◆ **YOUR OBJECTIVE**
The expected output is the line with "5/27 1~4年生が連れ立って、長田寺に向け出発しました。" plus all lines after it to the end of the material below, reproduced exactly, with pictures omitted and nothing else included.

◆ **DATA SECTION**
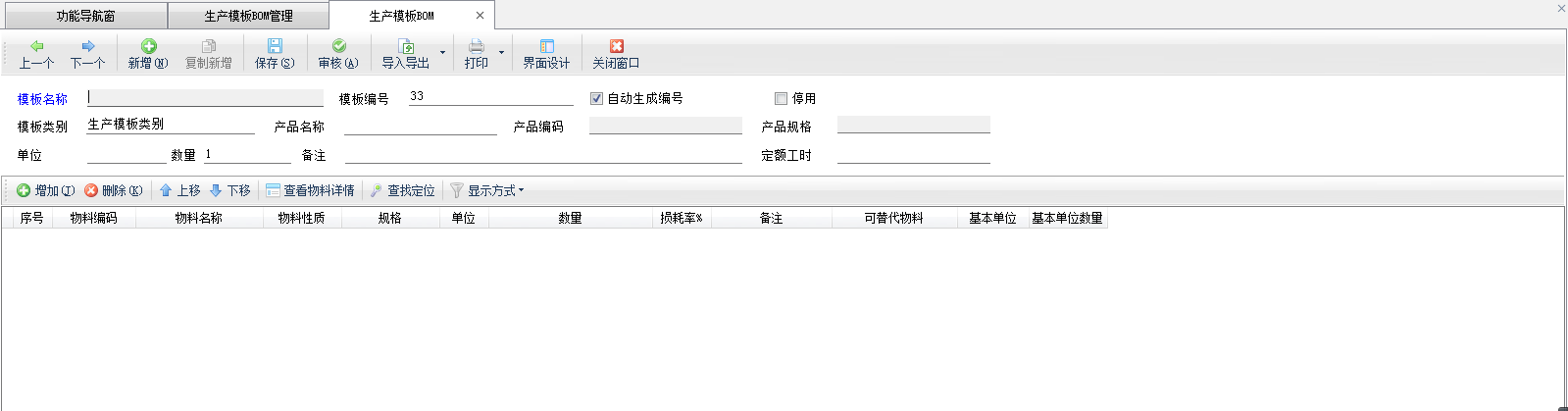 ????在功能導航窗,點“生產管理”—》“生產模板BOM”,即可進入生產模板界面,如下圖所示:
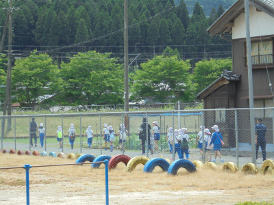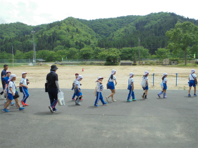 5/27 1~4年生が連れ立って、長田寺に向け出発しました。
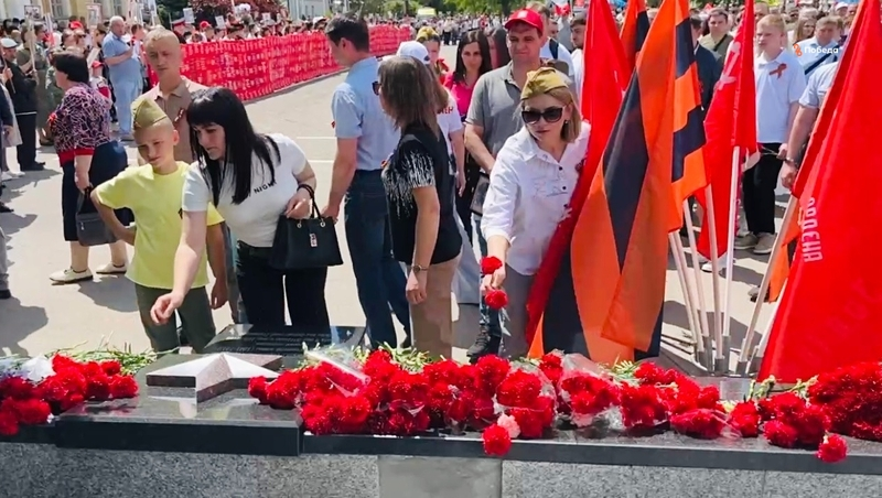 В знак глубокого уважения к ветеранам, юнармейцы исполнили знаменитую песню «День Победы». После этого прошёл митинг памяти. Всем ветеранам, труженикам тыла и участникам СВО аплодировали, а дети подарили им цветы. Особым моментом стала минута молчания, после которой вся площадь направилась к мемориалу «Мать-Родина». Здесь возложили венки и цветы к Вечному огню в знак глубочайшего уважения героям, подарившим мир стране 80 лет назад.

◆ **WORKED SOLUTION**
 5/27 1~4年生が連れ立って、長田寺に向け出発しました。
 В знак глубокого уважения к ветеранам, юнармейцы исполнили знаменитую песню «День Победы». После этого прошёл митинг памяти. Всем ветеранам, труженикам тыла и участникам СВО аплодировали, а дети подарили им цветы. Особым моментом стала минута молчания, после которой вся площадь направилась к мемориалу «Мать-Родина». Здесь возложили венки и цветы к Вечному огню в знак глубочайшего уважения героям, подарившим мир стране 80 лет назад.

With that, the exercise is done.